Can the conflict in Israel/Palestine really be transformed?

Today started at 9am with a discussion of the Israeli/Palestinian situation led by our friend, Rachel, who is just back from a two week visit to the area as part of an Interfaith Peace-Builders delegation.

This is not an easy way to begin the day. It’s not just that The Wall is such a reminder of Berlin and of our own Mexican paranoia. It’s that the situation looks so hopeless.

According to our news media and the implications of the Israeli wall, there appear to be two countries at war — Israel and Palestine. But, when you look at a map showing Palestinian and Israeli settlements, you are confronted by a mammoth intermixing of communities that defies boundaries — Israeli enclaves have been constructed seemingly everywhere. The Wall looks more like a resource protector than an actual political boundary — more like a dam preventing Columbia River water from ever being shared with Mexico.
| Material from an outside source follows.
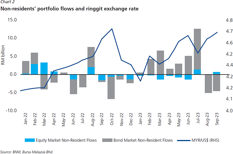 The UST 10-year yields rose by 76.40-bps q-o-q to 4.57% (Q2 2023: 3.81%), while the German Bund and UK Gilt 10-year yields increased by 44.40-bps q-o-q and 5.50-bps q-o-q to 2.84% and 4.44% respectively in Q3 2023 (Q2 2023: 2.39% and 4.39%). In Asia Pacific, the Japanese 10-year government bond yields rose by 36.70-bps q-o-q to 0.76% (Q2 2023: 0.40%). Meanwhile, EM sovereign bond yields ended similarly higher during Q3 2023, mirroring the performance of the global bond market.

I’m sure there are many explanations for how this disaster came to be. But, just this brief look, that Rachel provided us, into how people are actually living, was enough to break the heart. “What hope can there possibly be for transforming this conflict that is not just a bloodbath?”

I have been reading, rather naively, John Lederach’s The Little Book of Conflict Transformation, hoping to expand my own theories of conflict transformation based on experience dealing with what turnout to be comparatively petty church conflicts. Vicious as church politics can become we ain’t no Somalia or Ireland or South Africa. I am not a little humbled just meditating for a Sunday hour on the quest for peace in Israel/Palestine.

The fact that, even with his international experiences, Lederach can continue to hope and argue for the possibility of transformation — not merely resolution or management — of conflict like this lifts me a little out of the feeling of hopelessness I carried away from Rachel’s descriptions of life on the ground in Palestine.